Elektra String Quartet photo gallery
“There is a whole world of music that defies the neat categories of marketing departments and record stores. The many artists who dare to fall between the cracks, -who cannot be accurately labelled jazz, classical, rock …and so on, –run the risk of being ignored or even ostracised by an industry that doesn’t care for deviants.
So it is that an ensemble like Elektra can fall between the shop shelves, radio programs, critics and even between venues. …. This quartet, under the musical direction of Romano Crivici, dares to be different in many ways. It uses amplification and electronics, it encompasses improvisation from within the ensemble and from guests, and it predominantly –on this night entirely- plays the compositions of Crivici.
The longest piece presented was Gregorian Funk, which began with a highly-charged introduction from cellist Marcus Hartstei, leading to a genuine sense of groove as the ensemble strutted its way through Crivici’s funky riffs.”
John Shand - Sydney Morning Herald, 18th June, 1997
Romano Crivici formed the Elektra String Quartet in 1990. It came to be considered one of Australia’s most innovative and prolific ensembles in the contemporary music scene. Performing both nationally and internationally with tours of South America and Europe, it presented an always exciting and accessible range of music, with particular focus on Australian composers, and the compositions of its director and founder, Romano Crivici.

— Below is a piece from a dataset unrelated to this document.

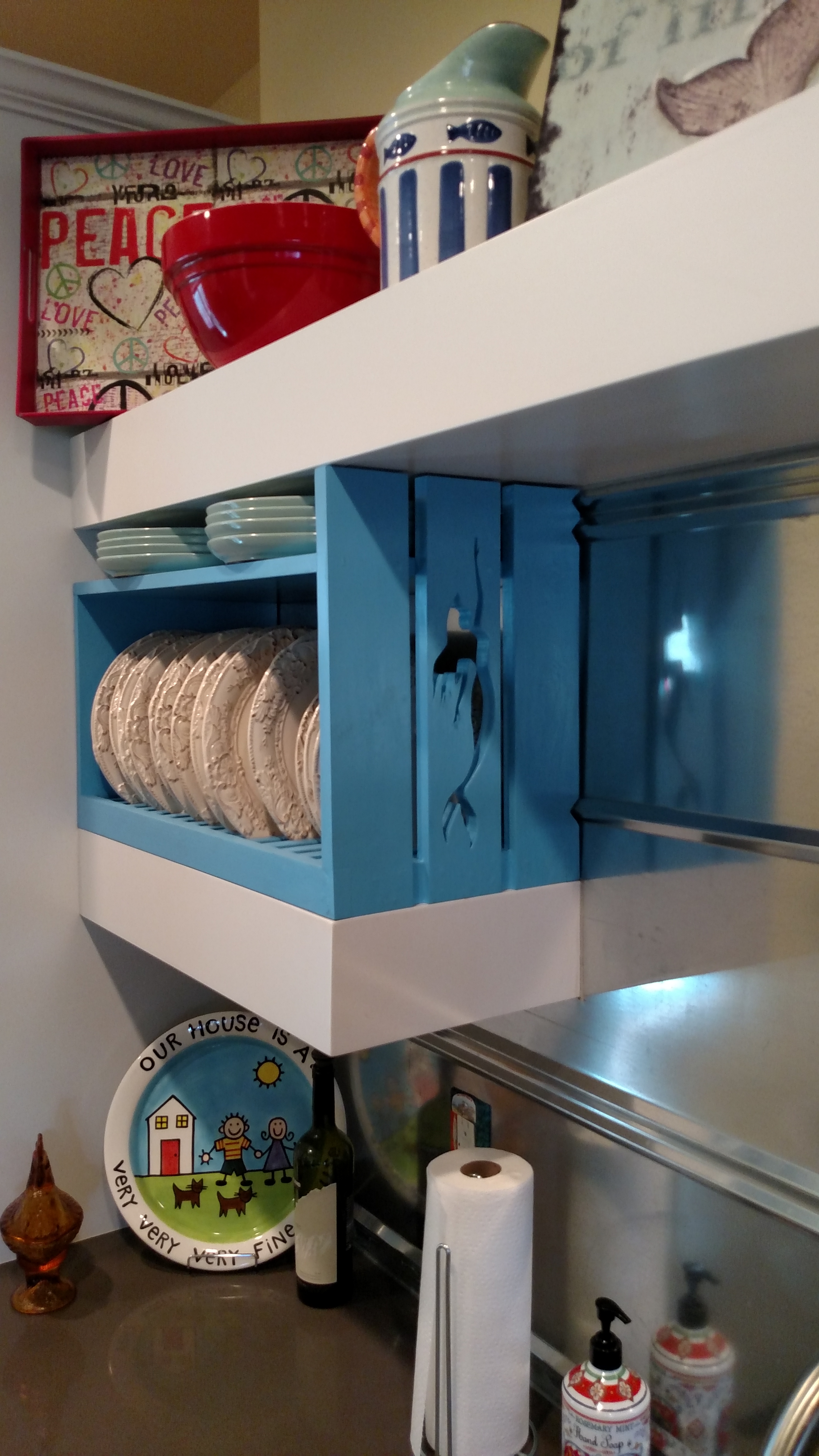 Mermaid House, Calabash 6\"round heartpine dining table wrapped in metal with cedar base!! 8 foot long wood burned coffee table!! Stained glass for light Mermaid Porch swing Mermaid mailbox Mermaid shutters under construction Hand-carved oars and buoys Custom bar front Heart-pine-bar-and-stools-1 Outside shower Wood burned sign Antique door coat rack Inside shutters Upstairs window shutters Oak Stairs with Metal Risers Metal Mermaid on Heart Pine Slats Mantel and custom frame Metal-fireplace-trim-with-Heart-pine-mantel Heartpine frame seaglass mermaid Sea-glass-Mermaid-shutters Custom frame and sea glass shutters Wood-and-metal-frame Old tin wainscot for the bathrooms!! Mermaid lamp on a sand dollar base!! Mermaid dish rack!! Mermaid wine glasses custom etched!! Door and window mermaids

The quartet continues to flourish. Its recent concert series at Venue 505 in Sydney, won the Sydney Fringe Festival Genre Excellence Award for Best Musical Performance with its perfromance of Crivici's Gregorian Funk
The quartet has a stellar line-up of performers - Andrew Haveron and Romano Crivici on violin, Robert Harris, viola and Adrian Wallis playing cello.
Sydney-based, Elektra came into being in 1990 in response to its members strongly felt need to go beyond the conventional limits, images and accepted boundaries of the traditional string quartet.
Performing both nationally and internationally Elektra received critical acclaim as a ground breaking, exciting and always accessible voice in the Australian contemporary music scene
Crivici says - "Looking back, it is almost strange to remember the excitement and uniqueness of being in a position to explore, and participate in the creation of new music, new techniques, sounds and technologies, both amongst ourselves, and in collaboration with other musicians and composers. As such, our performance philosophy consisted in balancing our experimental and improvisational musical explorations with solid core works in our programming"
Members of the quartet have changed over the years:
Mirka Rozmus, Jacob Plooj, Chris Latham, Romano Crivici on violin; Rudi Crivici on viola and Adrian Wallis, Marcus Hartstein, Peter Morrison, Emma Luxton, on cello.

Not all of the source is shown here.